A large holding pond on the hillside garden, between an orchard of fruit and nut trees and the garden, sat empty, but not for long. The farm planned to borrow pigs from one farmer who hopes to fatten them up for his daughters wedding. The farm, in turn, plans to use the pigs proclivity for wallowing in the mud as a natural means of sealing the pond so that it will hold water.
My biggest challenge, being off the grid, is keeping everything watered, said Waugh. I try to hold moisture in the soil rather that take it from the aquifer.
Waugh started the farm as a place for her grandchildren. Between the hundreds of students shes hosted over the years and the areas natural farming community, she has a huge extended family.
Amy Bean, owner of The Little Farm in Jones County, describes Waugh as the sweetest person I know.
She loves to share her knowledge, loves to encourage people, Bean said.
Waugh is teaching an introduction to permaculture class this month at Central Georgia Technical College in Milledgeville.
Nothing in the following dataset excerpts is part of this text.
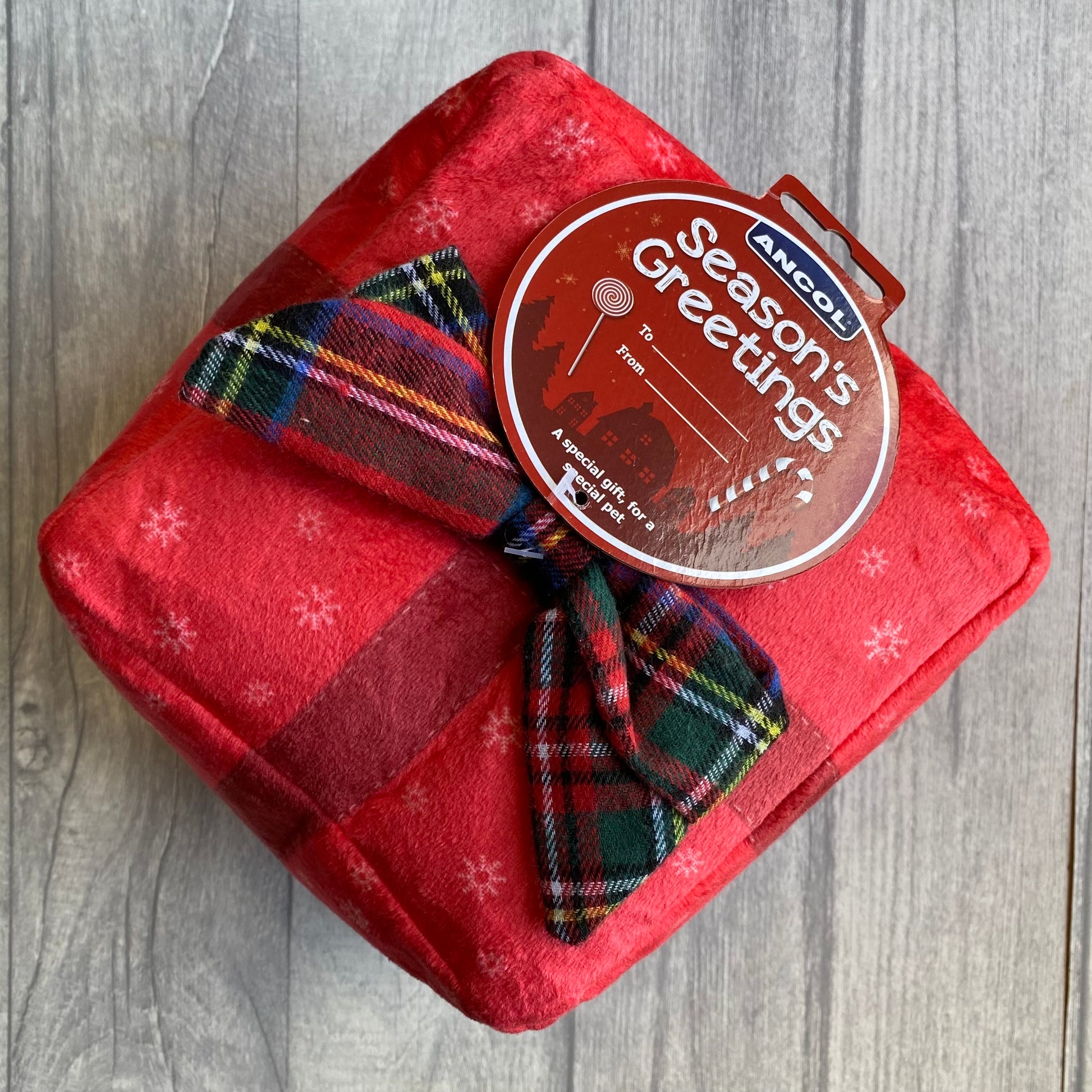 Who doesn't love presents under the tree? This one will certainly make your dog pleased to see it. The 'Merry Woofmas' message and tartan bow make this squeaky square gift a fun toy they'll love.
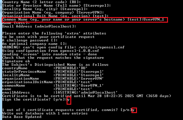 Важно! Указываем параметр "commonname" - пишем имя нашего VPN клиента(UserVPN_1). Все остальные параметры оставляем по умолчанию, на все вопросы отвечаем yes
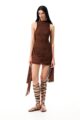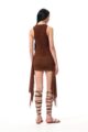 Vestido curto em Tule marrom. Modelagem ajustada ao corpo e efeito drapeado ao longo de toda a peça, que à torna exclusiva e contemporânea.
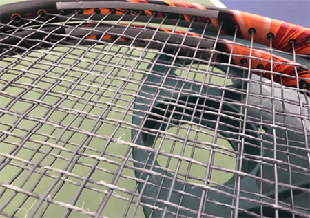 As mentioned in the last article in this series, I use natural gut mains and poly crosses. The gut breaks at about the time the poly begins to die. It almost feels like the gut makes the poly stay lively longer. So I eliminated the pain by adding mass to the handle, not waiting for the gut to break and restringing more often.
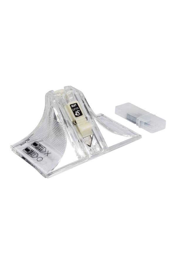 Mount cutter with two angles, 45° and 90° for use with Jakar Mount Cutter Ruler (7322). Contains two blades plus three spares. Cuts materials up to 7mm thick

She also often hosts workshops at the farm and at markets in Macon and Milledgeville.
One hands-on experience for the public that also supports the farm is its tree-sponsoring program.
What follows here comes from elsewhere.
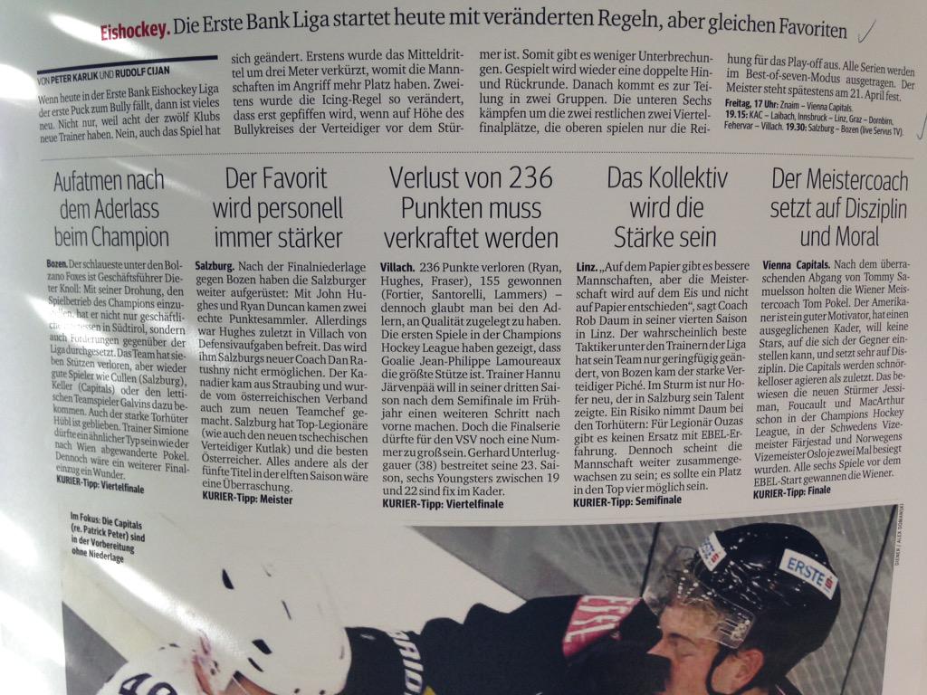 Also der Peter Karlik vom Kurier hat es verdient, hier erwähnt zu werden, hat er doch das Finale vorausgesehn (mit falschem Meister aller Logik nach, aber das ist jetzt egal)
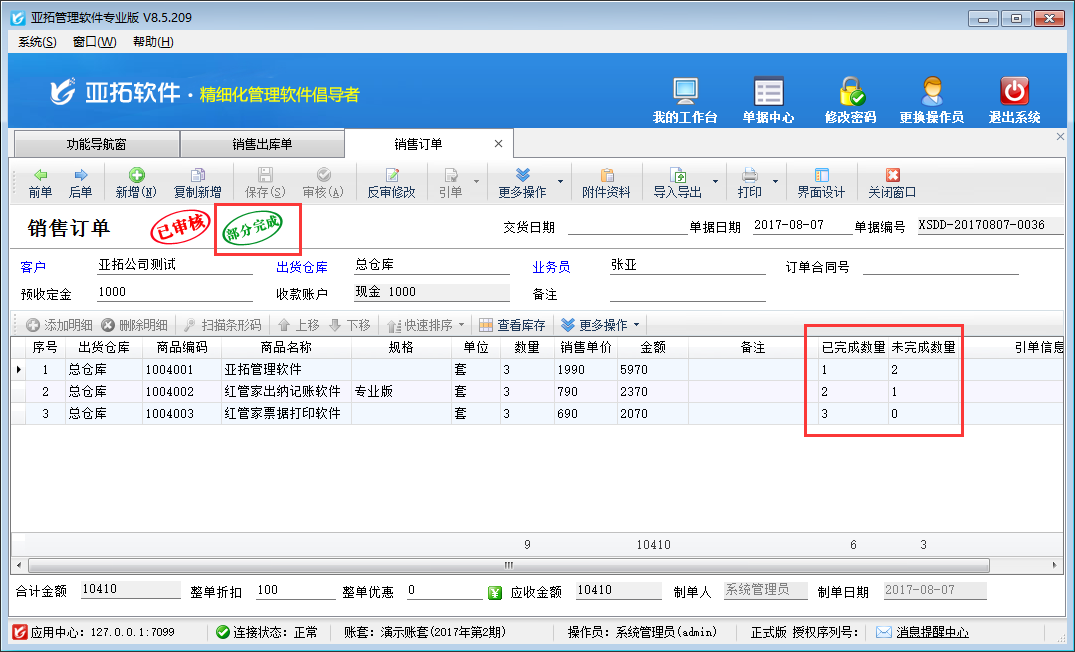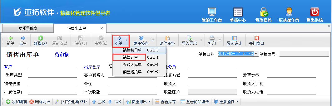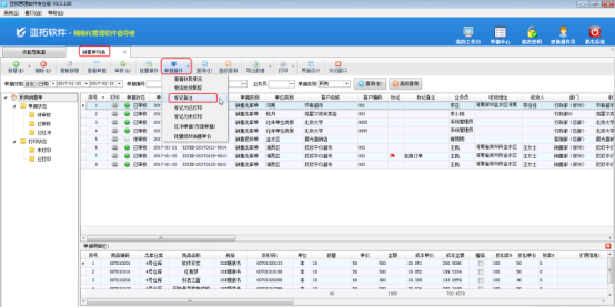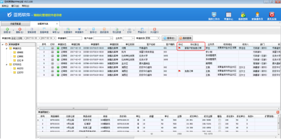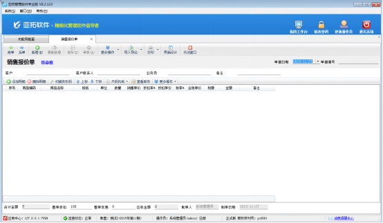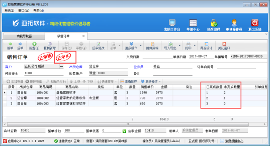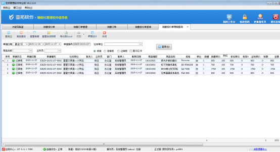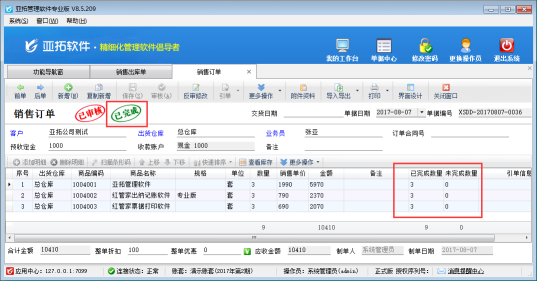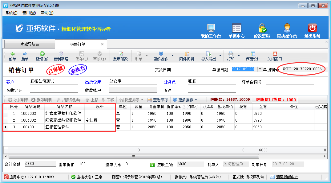 ????亞拓管理軟件星光版、標準版、專業版都支持在開采購訂單時直接引用銷售訂單明細數據,以專業版軟件為例,開采購訂單時如何直接引用銷售訂單明細數據?首先我們先開一個銷售訂單,保存并審核,如下圖所示:

For $25 you get to plant a tree, get a plaque and you get to eat fruit from it, said Waugh.
For more information on this and other programs at the farm, call (478) 952-3544.
For Waugh, a former school teacher, the WWOOFer program has been rewarding, both professionally and personally.
Its great for the farms. You get the help, she said. You stay inspired because they want to learn. Its not like teaching high school, where you have to ram it down their throats. I learn from them, too, because theyve been to other farms.
Kermiet, the would-be green architect, said the growing interest in all things permaculture reflects a new attitude in his generation.
There are a lot of young people thinking differently about what they want their lives to be, he said. Do they want to determine what lives will be, or do they want a corporation to determine their lives for them?